AI-powered Beat Saber track generator — feed in a song, get a playable custom map.

What is this?

Beat Weaver uses machine learning to automatically generate Beat Saber note maps from audio files. Instead of manually placing blocks, you provide a song and the model outputs block positions, orientations, and timing for both sabers.

Features

  • Audio-to-map generation — provide an audio file, get a playable v2 Beat Saber map (BPM auto-detected or manual)
  • Difficulty selection — generate for Easy, Normal, Hard, Expert, or ExpertPlus
  • Seeded generation — use a fixed seed for repeatable tracks, or randomize for variety
  • Grammar-constrained decoding — generated maps always follow valid Beat Saber structure
  • Quality metrics — onset F1, parity violations, NPS accuracy, beat alignment, pattern diversity

Requirements

  • Python 3.11+
  • For training: NVIDIA GPU with CUDA support
    • Medium conformer (9.4M params): 8GB+ VRAM
    • Large conformer (62M params): 24GB+ VRAM
  • Beat Saber installation (Steam) — only needed for extracting official maps

Installation

git clone https://github.com/asfilion/beat-weaver.git
cd beat-weaver

# Core (data pipeline only)
pip install -e .

# With ML model dependencies (required for training and generation)
pip install -e ".[ml]"

# Development (adds pytest)
pip install -e ".[ml,dev]"

Quick Start: Training a Model

This is the end-to-end workflow from a fresh clone to a trained model.
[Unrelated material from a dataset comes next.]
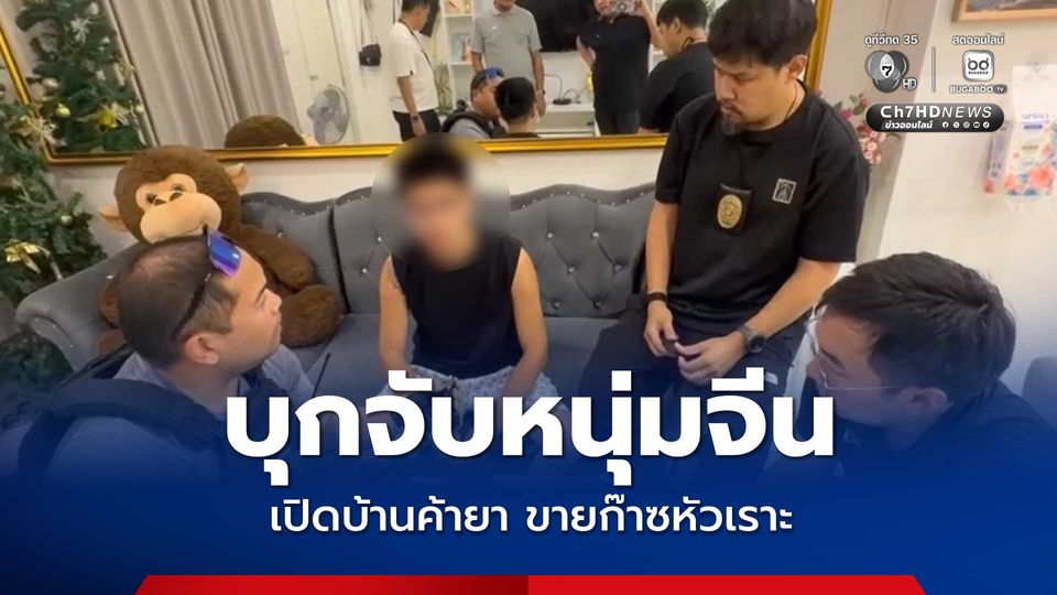 หลังจากนั้น ได้มีรถจยย. คันหนึ่งได้ขับมาจอดหน้าบ้าน ก่อนที่ชายชาวจีนจะเดินออกมาจากรั้วบ้านพร้อมกล่องบรรจุ ก๊าซหัวเราะ 1 ถัง เจ้าหน้าที่จึงแสดงตัวเป็นตำรวจตรวจคนเข้าเมืองเข้าควบคุมตัวทันที และเข้าตรวจค้นภายในบ้านพัก

Step 1: Download training data

Download community maps from BeatSaver. This downloads maps with a rating score >= 0.75 and >= 5 upvotes. The download is resumable — you can stop and restart without losing progress.

# Download ~55K community maps (this takes several hours)
beat-weaver download --min-score 0.75 --output data/raw/beatsaver

Step 2: Extract official maps (optional)

If you have Beat Saber installed via Steam, you can also extract the 214 official/DLC maps. These are higher quality and weighted at 20% of each training batch.

# Windows (default Steam path)
beat-weaver extract-official --output data/raw/official

# Custom install path
beat-weaver extract-official --beat-saber "/path/to/Beat Saber" --output data/raw/official

Step 3: Process raw maps into Parquet

Parse all downloaded/extracted maps into a normalized Parquet format for training.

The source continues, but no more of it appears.